I don’t know what you mean by “different Administration rules” but it’s really not that different. Your computer/router both squawk out a broadcast to request a DHCP Address, and the DHCP Server that resides on the subnet will respond (or the request will be forwarded if configured on an enterprise router)

OP doesn’t know how IP’s work. lmao

I appreciate your insight into what DHCP is, but we’re not talking about how the protocol works. The issue has nothing to do with how DHCP assigns IPs out to your computer, nor does it have anything to do with how your ISP provides you an IP.

Users were conflating the issue, and my responses were such as to explain at a high level to others that were less technical, that simply blocking IPs based on a random location, is not effective at administering against DDOS attacks, as these attacks are usually distributed, and behind Proxies/VPNs.

What I mean by different administration rules, is specifically that. An administrator has set rules for your expiration, or how long the ISP has determined your service usually retains that dynamic IP.

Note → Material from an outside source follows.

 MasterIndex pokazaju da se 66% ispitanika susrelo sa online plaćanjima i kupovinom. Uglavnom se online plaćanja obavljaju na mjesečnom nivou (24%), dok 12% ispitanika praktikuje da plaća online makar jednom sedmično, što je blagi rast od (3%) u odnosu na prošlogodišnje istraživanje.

Two years ago, Cox used to rotate Public IPs issued to your connection every two weeks, as an example. This is an Administration Rule, or Policy they have setup.

Forest for the trees.

DHCP as a protocol functions the same no matter what type of IP Address you are using. There are differences between RFC 1918 addresses (private) and the public ones, but not in regards to DHCP.

You can download software and run a DHCP Server off your computer if you wanted, and have it give out any IP Address that you want. Of course unless configured properly you might have some connection trouble :wink:

OP googles DDOS attacks, thinks he knows more than actual cybersecurity professionals who make a living dealing with these sorts of things.

2 Likes

I don’t think you know how IPs work.

So let me ask you this - why do we not see larger attacks like this more frequently? Considering it takes one person to conduct attacks from which there is no defense until they’ve already caused damage… One would imagine this would be more regular, you wouldn’t have billion dollar internet companies if they could all wipe out their competitors with attacks like this… there must be reasons it’s not more widespread…

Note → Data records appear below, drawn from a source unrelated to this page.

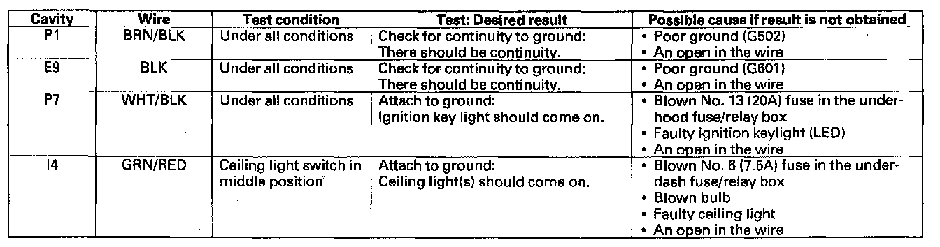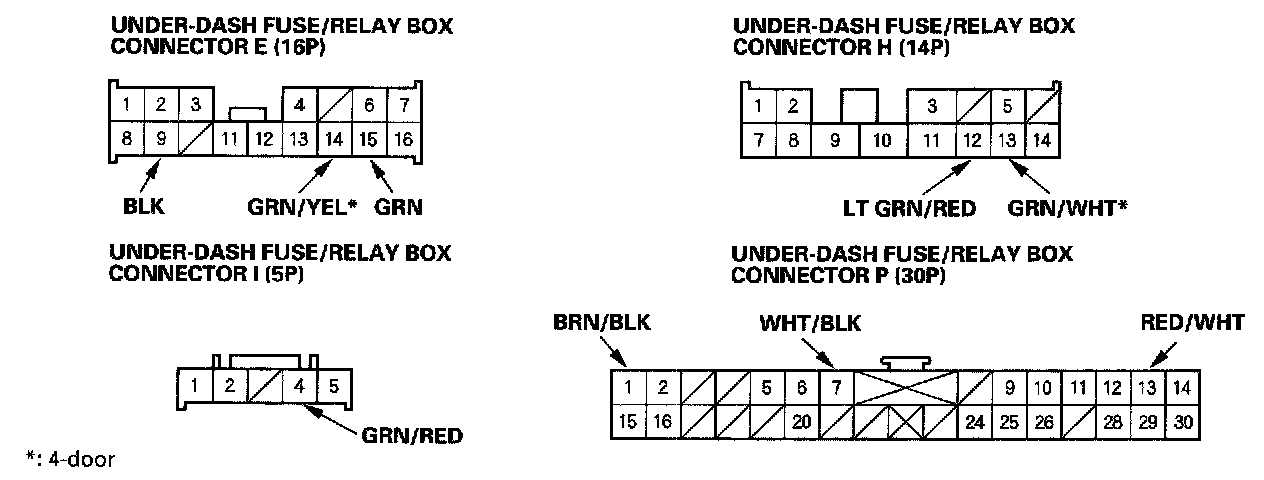 7. Turn the ignition switch to ON (II) to keep the system awake and make these in put tests at the appropriate connectors on the under-dash fuse/relay box.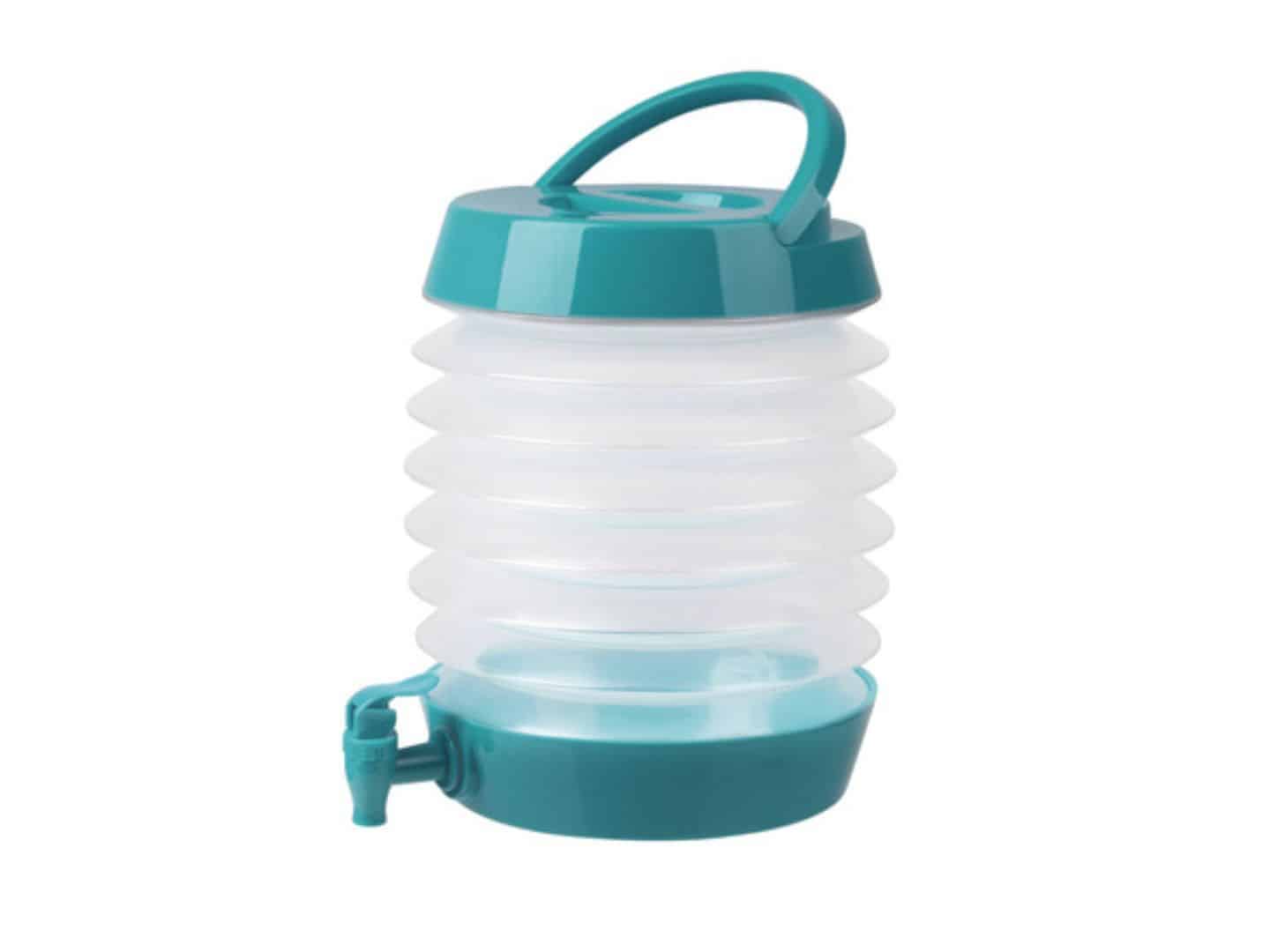 Garrafa plegable:práctico dispensador de agua para todas las vacaciones en camping y en casa. Plegable de forma compacta. Con grifo y asa de transporte.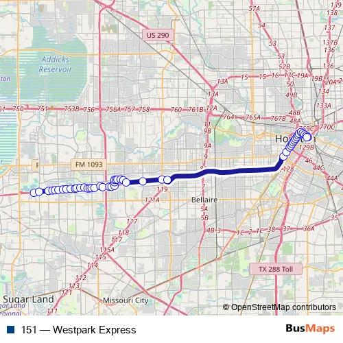 The first stop of the 151 bus route is Mission Bend Transit Center and the last stop is Congress St @ La Branch St. 151 (Westpark Express) is operational during on weekdays.
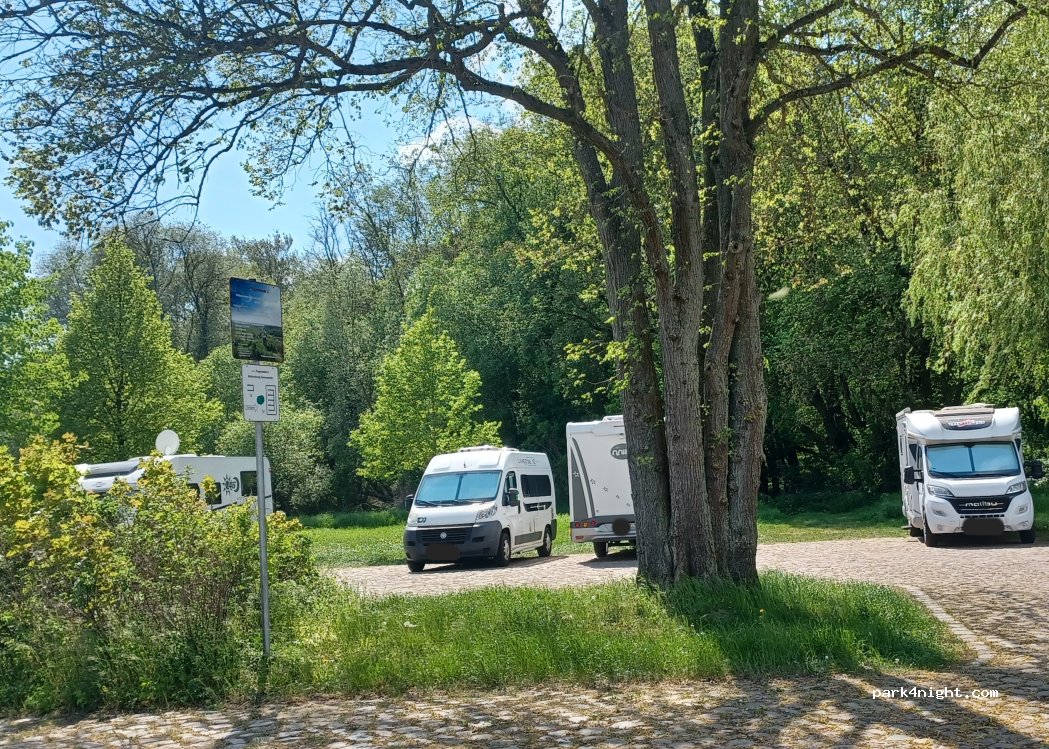 Man sollte das Schild beachten > PARKEN >> Zusatz Wohnmobile, also eigentlich nur für eine ÜN. Zudem nur auf der Plasterfläche erlaubt, wobei dies nicht eindeutig ist. Das Ordnungamt kontrolliert öfter und weist höflich, aber bestimmt, darauf hin. Das hier eingestellte Foto stellt also nicht die Realität dar. Aber Danke an die Gemeinde für diesen tollen Platz.

This is just ridiculous, honestly

How do you white list 7 million IPs? If each packet needs to be checked the router will crash.

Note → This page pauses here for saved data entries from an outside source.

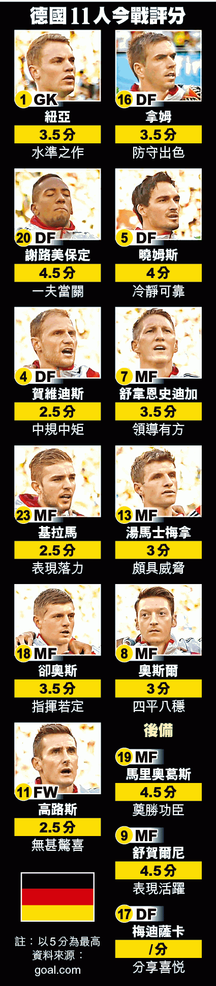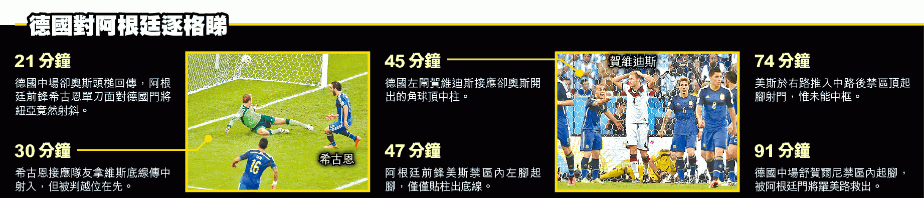 德國在周日的世界盃決賽創歷史,戰至加時,憑着後備入替的馬里奧葛斯於113分鐘射入靚波,以1:0擊敗阿根廷,第4度高舉世界盃之餘,更打破宿命,成為首支在南美洲封王的歐洲球隊。德國以大力神盃,證明了整體足球才是王道。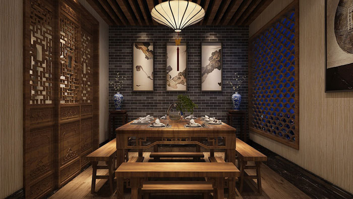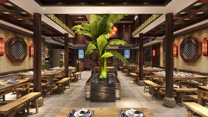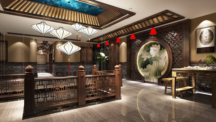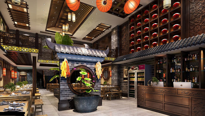 中式川菜館大廳裝修設(shè)計(jì):大廳給人的感覺好似回到過去,但是又稍有不同,設(shè)計(jì)師在中式設(shè)計(jì)的同時(shí),也加入了很多現(xiàn)代元素,目的就是希望營造一個(gè)古代、現(xiàn)代融合的空間。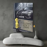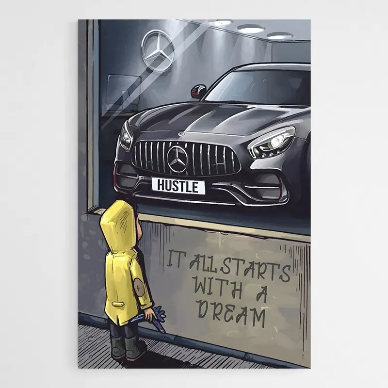 Ce Tableau It All Starts With A Dream joue sur la simplicité. Un message en lettres blanches occupe le centre, net et lisible. Le fond propose un dégradé bleu nuit, profond, qui passe du bleu foncé au bleu plus clair. On remarque aussi une lune fine en haut à droite, des petites étoiles dorées parsement l'espace et quelques nuages légers apportent de la douceur. Le rendu reste calme, presque silencieux, on sourit un peu, on y revient.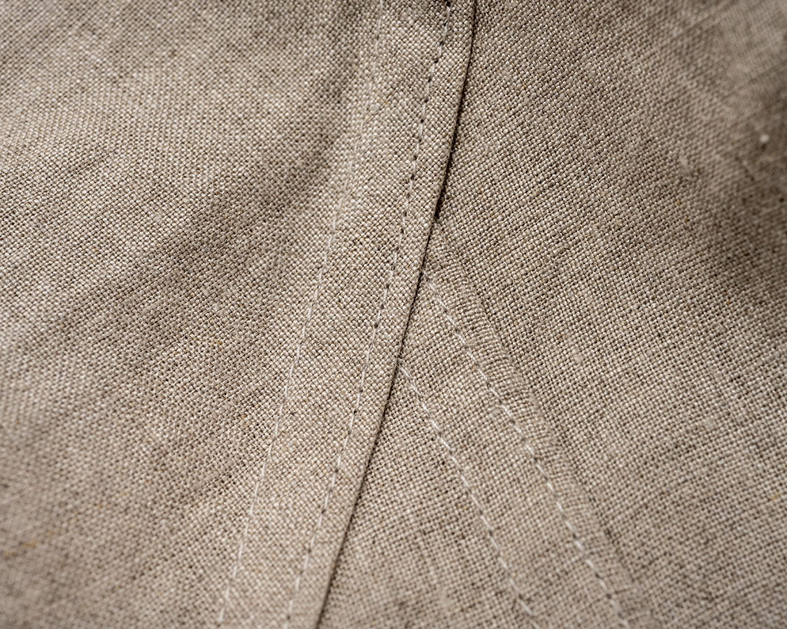 先ほどの袖の折伏せ縫い+脇の巻縫い。折伏せも巻きも、生地がお互いに噛み合いますが、巻縫いは金具+2本針ミシンで一気に縫います。筒状になる部分は、こちらの巻縫いで無いと非常に縫いづらい。でも、巻縫いはアイロンではなく金具一発で巻くから難しい。どちらの仕様も、それなりに手間や技術が要ります。

People think this is something a script kiddie runs on their computer too, it’s a bit more complicated than that though.

DOS = Denial of service
DDOS = Distributed denial of service (aka hundreds/thousands of computers if not more)

Basically someone has a botnet of compromised computers/servers that they use to assault the victim server in a coordinated fashion. This is a large scale attack especially to take a service as big as WoW down.

lol…Oh lord the things people come up with…

This is possibly the worst suggestion I’ve ever heard and there have been a lot in the recent attacks.

What about those that use vpns to play?

nah generally your dynamic… you can request static ips from you isp but i believe they charge extra

Why would you need a VPN to play?

Well in all honesty I don’t really care about you guys… whitelisting just my server would be enough…

But maybe you could have different login servers depending on what realm you’re playing on… so each realm has it’s own login server, which only needs to keep track of its own characters… so maybe you come up with a system for recognizing who’s a valid customer and who’s a bot… the first time you log into the game, you get a new auth token stored on both client/server… then the next time you login, you send the old auth-token so they know its you, they give you a new auth-token, and so forth…

This is an inside job, its a scam, we all got mugged out from the very botton of our pockets, deal with it, big corp… wake up

Privacy.

Playing from a restricted country.

Downloading the nuditystuff but want to play wow at 500ms in the meantime while your connection slowly pecks away at your downloaded content.